Mais je laisse sciemment caché, bien au fond de mon cœur, quelque chose que je n'ose exprimer de peur d'abîmer, de salir un amour resté intact et qui m'a accompagné tout le long de ma vie.
Intrigues et luttes.
J'ai vécu dans un tourbillon d'intrigues, de luttes dans lesquelles le cœur, le cerveau et la chair se trouvent emmêlés avec les désirs, les aspirations, les joies, les douleurs, les illusions et les déceptions. Dans ce tourbillon noir, cependant, une lumière bleue et blanche n'a jamais cessé de briller pour moi ; sa douceur, comme un baume, venait calmer mes ardeurs trop fougueuses, apaiser mes douleurs, me redonner confiance après les désillusions.
Une femme jeune et jolie. Une femme vieille et belle... - et c'est la même - qui, à travers les années, comme la madone protège son enfant, le relevant après chaque chute ou rechute, sachant le soigner, le dorloter, sachant lui dire les jolis mensonges :
"Mais non, tu n'es pas tombé, ce n'est rien, tu n'as aucun bobo, va..."
Et votre muse ?
J'ai demandé à certains de mes confrères ce qu'ils pensaient des muses. D'une muse, ils en avaient besoin comme d'une manne pour vivre, ils la plaçaient dans leur esprit très haut, la voyaient avec une auréole autour d'un beau visage. Elle leur apportait l'inspiration, ils vivaient grâce à elle dans la joie, la plaçaient sur un piédestal et la contemplaient sans cesse; malheureusement, à force de la monter si haut, elle regardait de toute sa hauteur et disparaissait à leurs yeux dans les nuages... ne redescendant que pour porter à un autre le philtre de son pouvoir magique.
La chanson d'un ami.
Un de mes grands amis, un poète que vous connaissez : Albert Willemetz, m'a montré hier une chanson, une chanson d'amour. (Comment peut-on encore écrire quelque chose de nouveau sur ce sujet ?) Elle dit, cette chanson :
On a le droit de tout faire, excepté de la peine,
On a le droit de tout faire, excepté du chagrin.

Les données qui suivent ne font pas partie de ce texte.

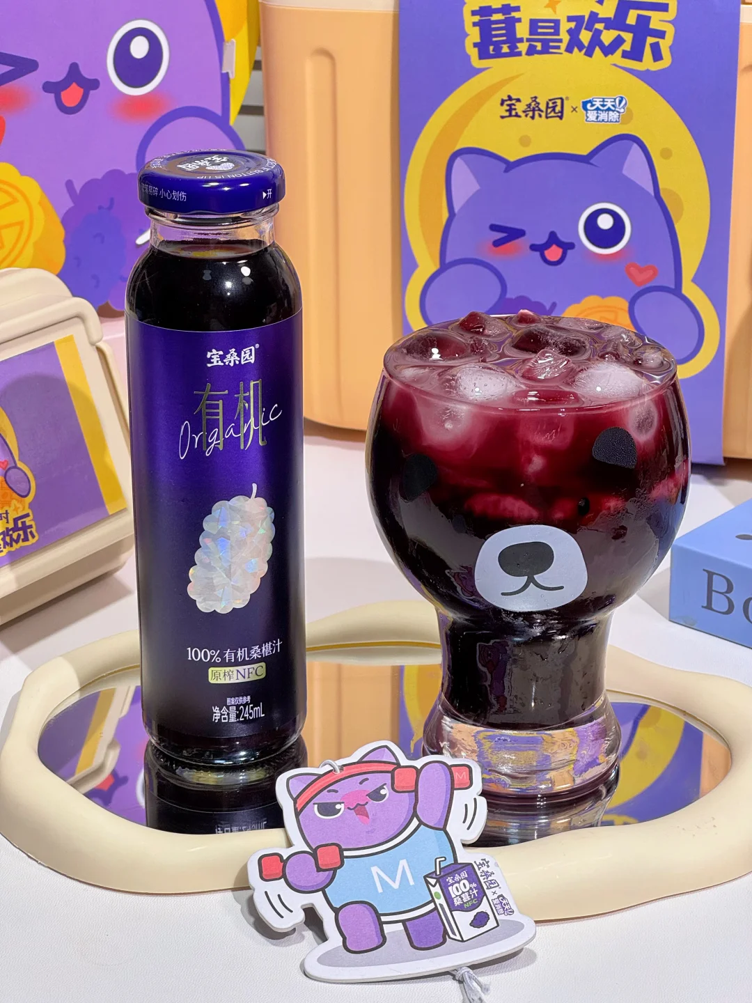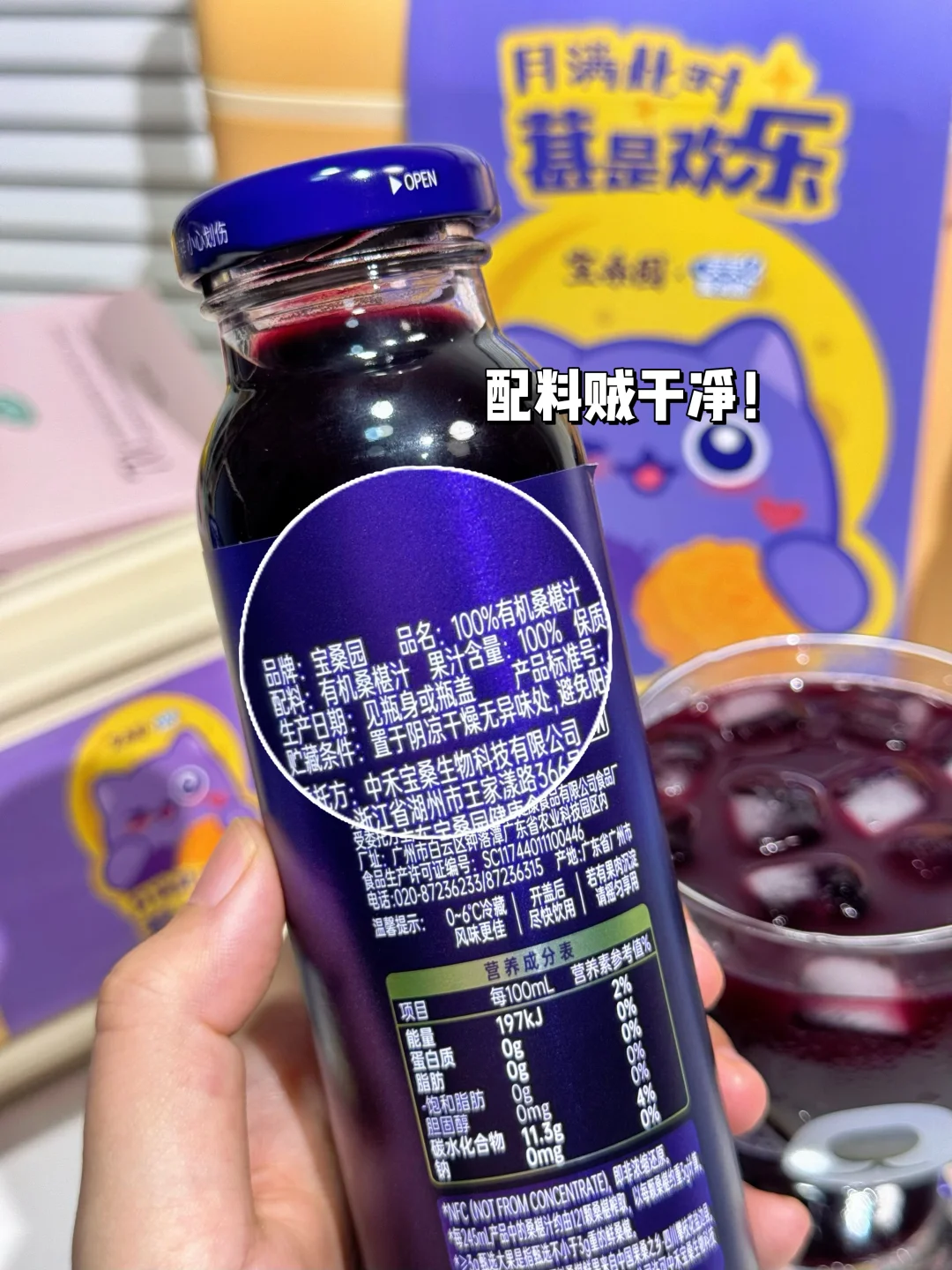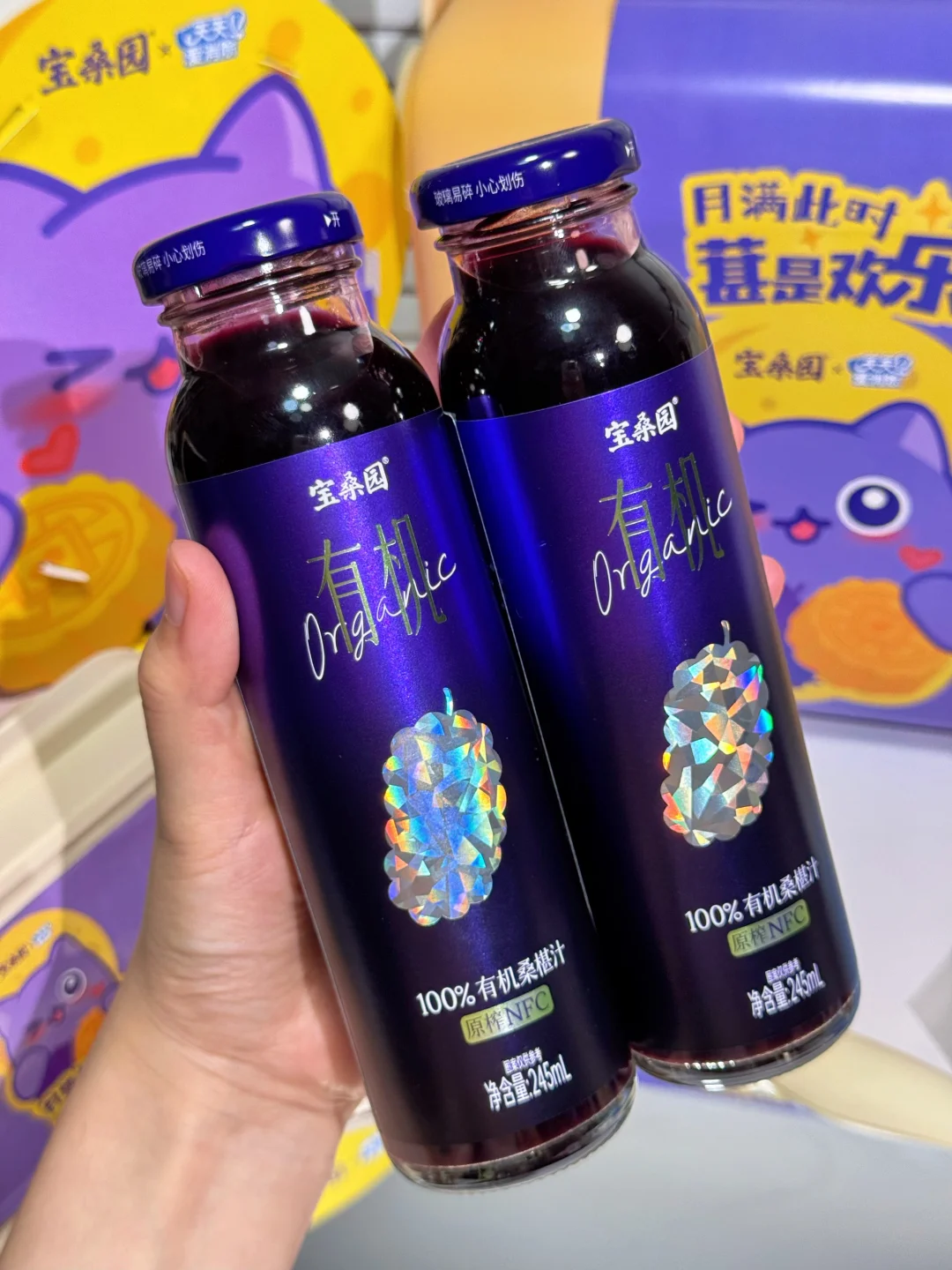 而且新品100%有机桑葚汁也贼顶!!不愧是广东农科院研发的,配料表干净到只有桑葚汁,0添加蔗糖和水,喝着安全感直接拉满。一口下去全是果子本身的酸甜,浓郁果香在嘴里炸开,像在嚼新鲜桑葚一样。

Comme elle a raison, et lorsque, le soir, rentrant quelquefois très tard, je trouve ma bonne vieille, chagrinée, inquiète et un peu en colère me faisant des reproches, au lieu de lui dire :
- Tu m'ennuies, je viens de travailler. Je prends sa bonne tête dans mes mains et lui murmure doucement :
- Non, non ! Ma bonne vieille. Non ! Ne sois pas en colère, tu sais bien que pour moi il n'y a que toi au monde, tu as les plus beaux yeux de la terre. Je t'aime comme à vingt ans.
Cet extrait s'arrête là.